Senior Judge of the Pennsylvania Superior Court
- In office January 2, 2019 – January 1, 2024

Judge of the Pennsylvania Commonwealth Court
- In office January 2, 1990 – December 31, 2015
- Succeeded by: Michael Wojcik

Personal details
- Born: September 15, 1945 (age 80)
- Party: Democratic

Military service
- Allegiance: United States
- Branch/service: U.S. Army
- Years of service: 1971-73
- Rank: 1st Lieutenant

= Dan Pellegrini =

American lawyer

Dante Robert Pellegrini (born September 15, 1945) is a senior judge of the Pennsylvania Commonwealth Court. He served as president judge from 2012 to 2015, when he took senior status upon reaching the mandatory retirement age of 70.

==Biography==
Pellegrini attended Duquesne University and the Duquesne University School of Law. He was an assistant solicitor for the City of Pittsburgh Law Department in 1973, first assistant city solicitor in 1977, and deputy city solicitor in 1978.

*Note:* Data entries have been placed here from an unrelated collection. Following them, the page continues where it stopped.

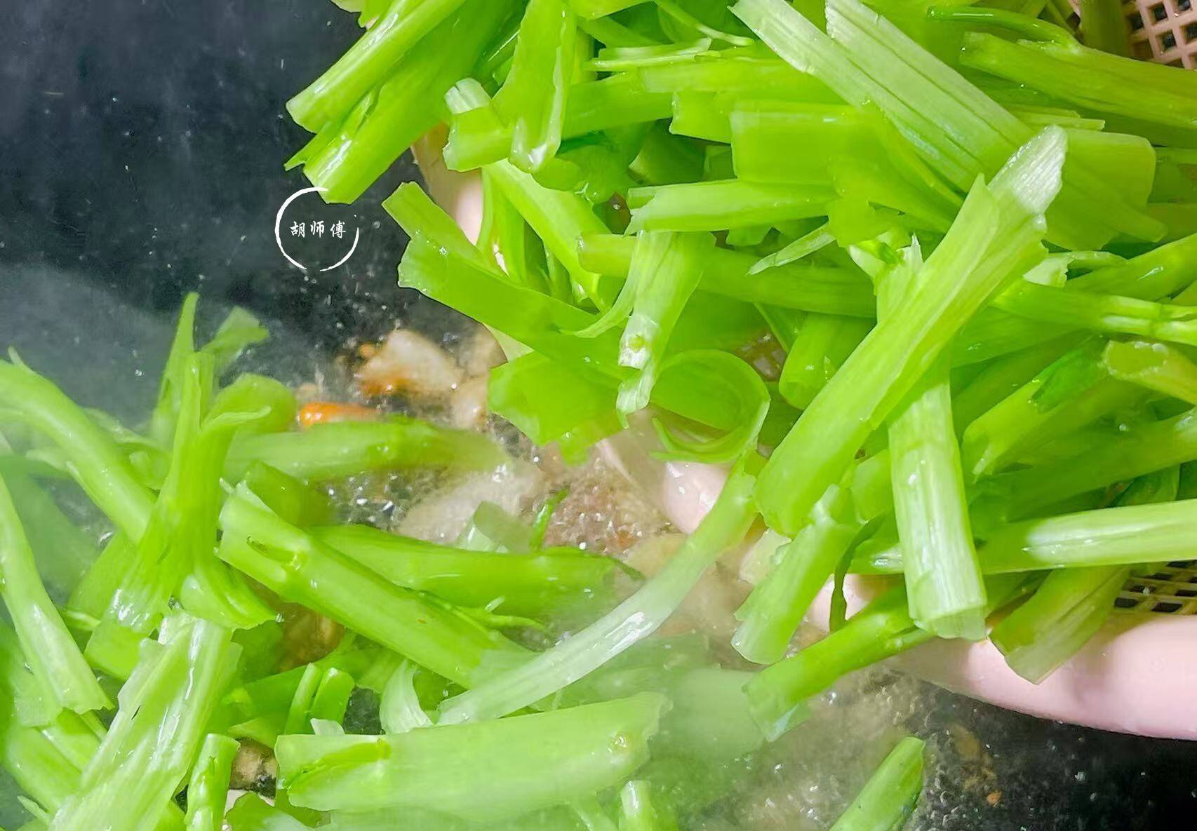3、通菜茎是比较吃油的一种蔬菜,所以炒的时候,要么多放一点食用油,要么多切一点肥肉。
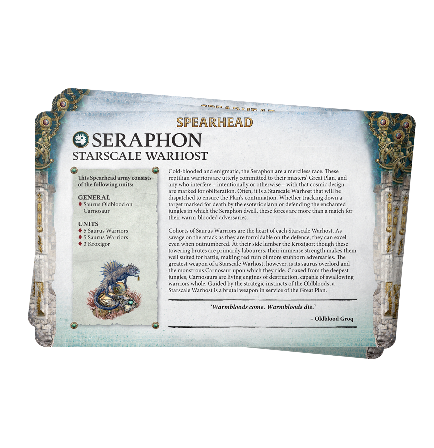This set of cards sets you up with your Seraphon unit profiles and abilities, army rules, and Spearhead rules in a handy format for easy reference. Just grab the cards you need, and enact the plan of the Old Ones.
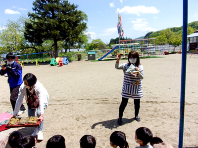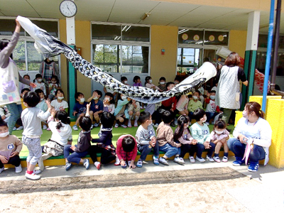 行事の由来や、新聞紙カブトの折り方を知り、「作ってみたい!」「カッコイイ!」と目を丸くしていました。各クラスの代表が、こいのぼり作品を紹介してくれました。年少さんもドキドキしながら立派に自己紹介ができましたよ!こいのぼりの歌が始まった時???なんと、大きなこいのぼり達が登場して子どもたちは大喜び!実際に触って満足そうな表情を見せてくれました。
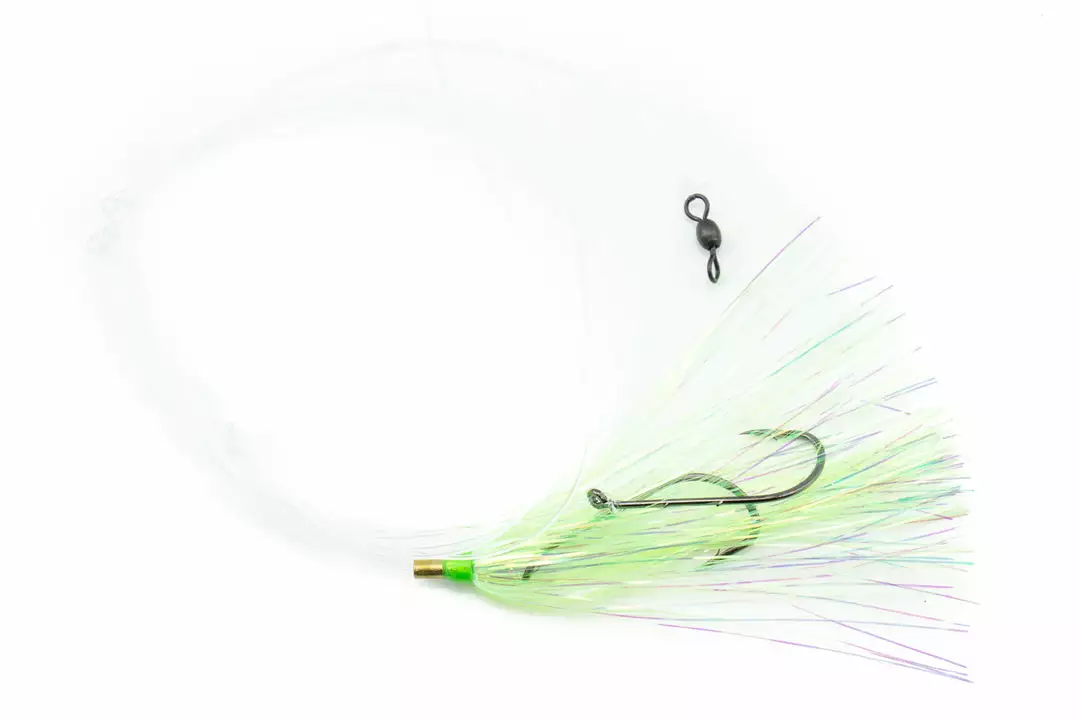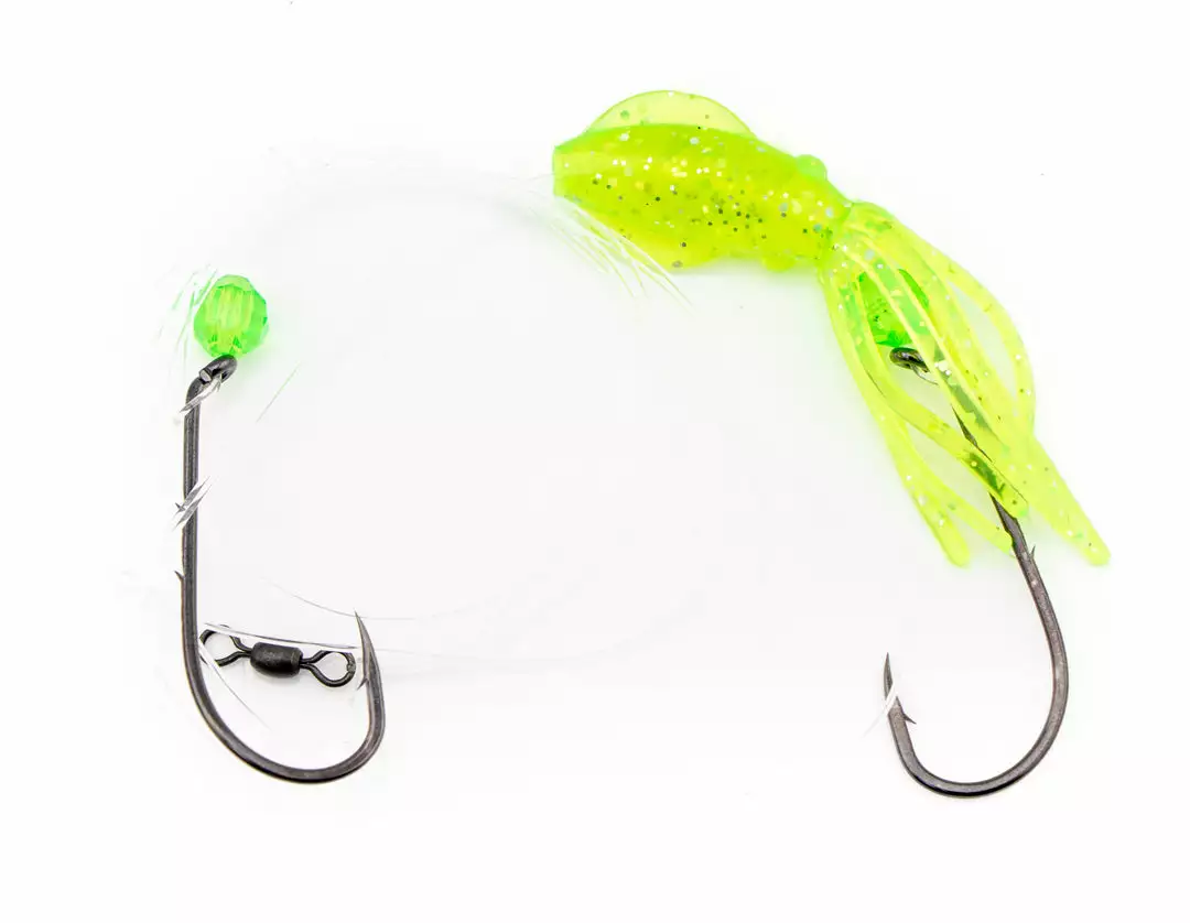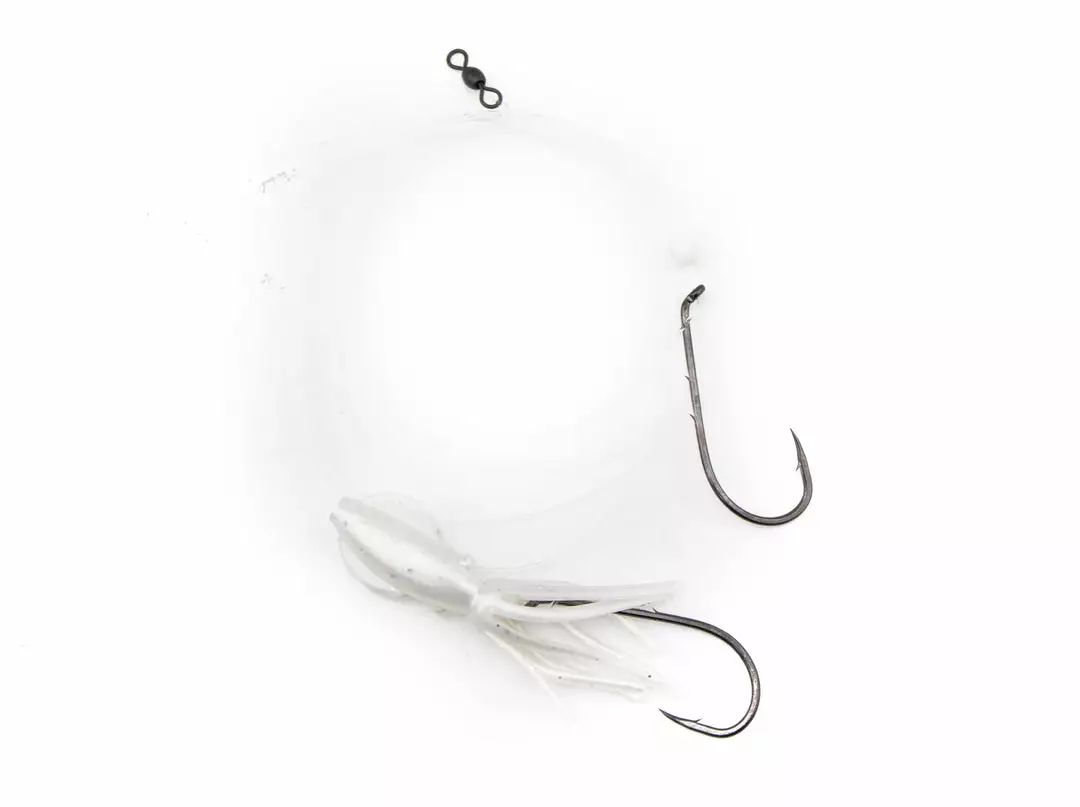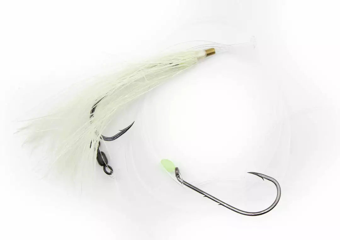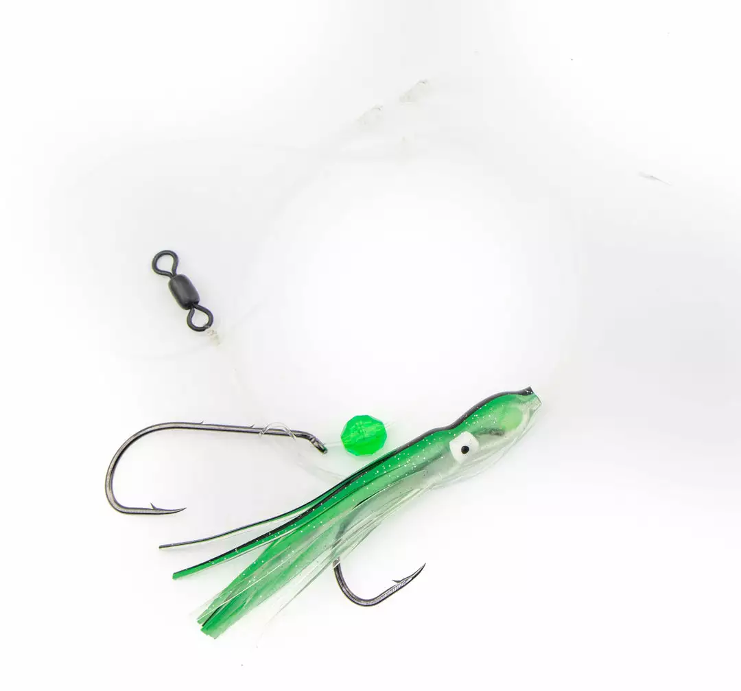 Nobody beats the quality of our custom rigs, hand tied right here by professional fishermen, with the right configuration to catch your target species. These Hi-Lo “chicken rigs” are meant for sea bass, porgies, cod, and many other bottom fishing species. These rigs have a sinker loop at the bottom, one low hook, and one high hook, with a swivel at the top. We offer these with various bead/teaser configurations. Fish these rigs with clams, sandworms, or squid.
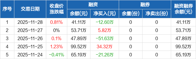 融資方面,當(dāng)日融資買入10.21萬元,融資償還22.81萬元,融資凈償還12.6萬元。融券方面,融券賣出0份,融券償還0份,融券余量0份,融券余額0元。融資融券余額合計(jì)41.11萬元。
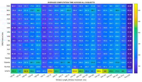 In this section, the characteristics of the feature sets were further studied based on their computation time (CT) across different combination of window lengths and increments, and the analysis was done based on sEMG data from both category of subjects, as shown in the Heatmap plot presented in Figure 5. The columns represent all the considered features extraction methods while the rows depicts the different combination of window lengths and window increments.
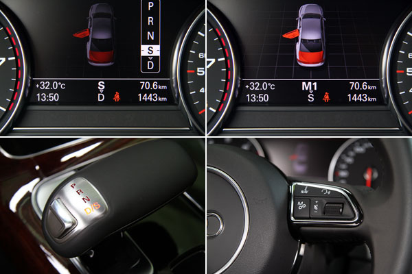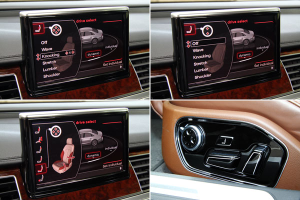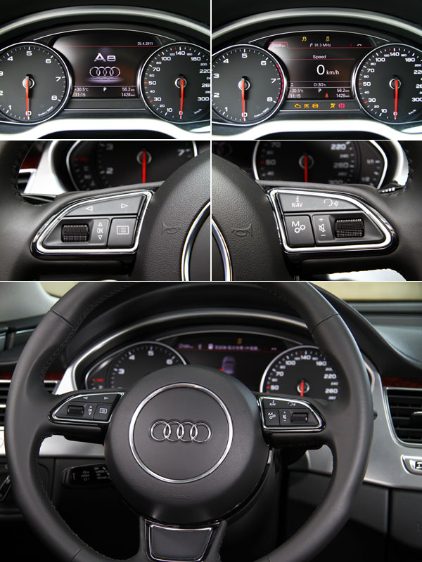此外,強調自駕的A8 3.0T 在軸距減為2992mm後,在靈活性上獲得立即的進步,感覺後軸不在那麼遙遠,也更容易掌握整體的車輛動態,而且即使車重僅僅減少了55kg,不過在前軸負載相對減輕後,加減速與高速換道時的慣性也相對減緩,其中在長軸A8 L 4.2 FSI車型上,於高速行駛時遇起伏路面所偶爾出現地漂浮感在短軸車型也獲得改善,A8 3.0T同時也配置了Audi drive select可程式車身動態系統,具有comfort〈舒適〉、auto〈自動〉、dynamic〈運動〉與individual〈車主自訂〉四種模式,而該系統所改變的範圍不僅有懸吊系統,包括油門訊號、換檔速度等都會隨之變化,在individual〈車主自訂〉模式中,駕駛可以自行搭配懸吊、變速箱、方向盤動力輔助等模式,不過在大多數的行駛過程中,我皆選擇auto〈自動〉模式,讓車輛自行判斷調整,因為原則上該系統反應頗為靈敏,在不同行駛狀況下,它皆可以提供最適切的模式,讓駕駛可以輕鬆地駕馭。
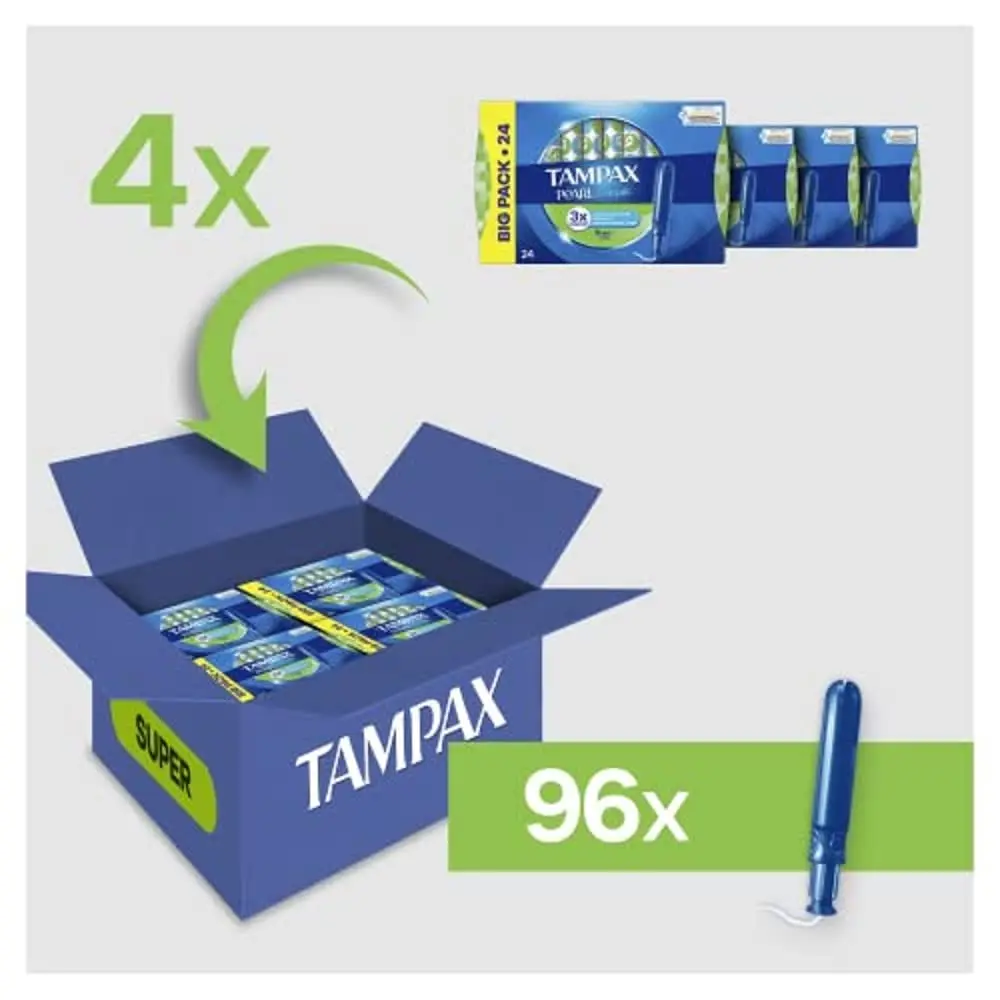 Experience superior comfort and protection with Tampax Compak Pearl Super Tampons. Designed for your active lifestyle, these tampons feature Tampax MotionFit Technology, adapting to your unique body shape for a secure fit and reliable leak prevention. The LeakGuard Braid provides an extra layer of defense, helping to stop leaks before they happen. The SmoothTouch Compact Applicator ensures comfortable and easy insertion, while the anti-slip grip offers confident control. The rounded tip further enhances comfort during application. Tampax Compak Pearl Tampons are also independently tested for harmful substances by Oeko-Tex, giving you peace of mind knowing you’re using a product that meets stringent safety standards. Live confidently and without worry, knowing Tampax Compak Pearl Super Tampons have you covered, providing the protection and comfort you need to stay active and worry-free throughout your period. Enjoy exceptional protection and discretion in a convenient, compact design. Ideal for on-the-go use, these tampons fit discreetly in your purse or bag. Choose Tampax Compak Pearl Super Tampons for worry-free protection and all-day comfort. Feel confident knowing that Tampax, a trusted brand for period protection, is working hard to keep you comfortable and protected. These super absorbency tampons are ideal for women with a heavy flow. The compact applicator makes them incredibly discreet and easy to carry, perfect for travel, work, or any occasion where you need reliable protection. With Tampax Compak Pearl, you can experience ultimate confidence and comfort during your period.

He was city solicitor of Pittsburgh from 1982 to 1989. He was elected to be a judge of the Commonwealth Court of Pennsylvania in 1989.

== Ruling on Same-Sex Marriage Licenses in Pennsylvania ==
On September 12, 2013, Pellegrini issued an order to cease the issuance of marriage licenses to same-sex couples in Pennsylvania, specifically in Montgomery County by D. Bruce Hanes, Clerk of the Orphans' Court.

Unless and until either the General Assembly repeals or suspends the Marriage Law provisions or a court of competent jurisdiction orders that the law is not to be obeyed or enforced, the Marriage Law in its entirety is to be obeyed and enforced by all Commonwealth public officials.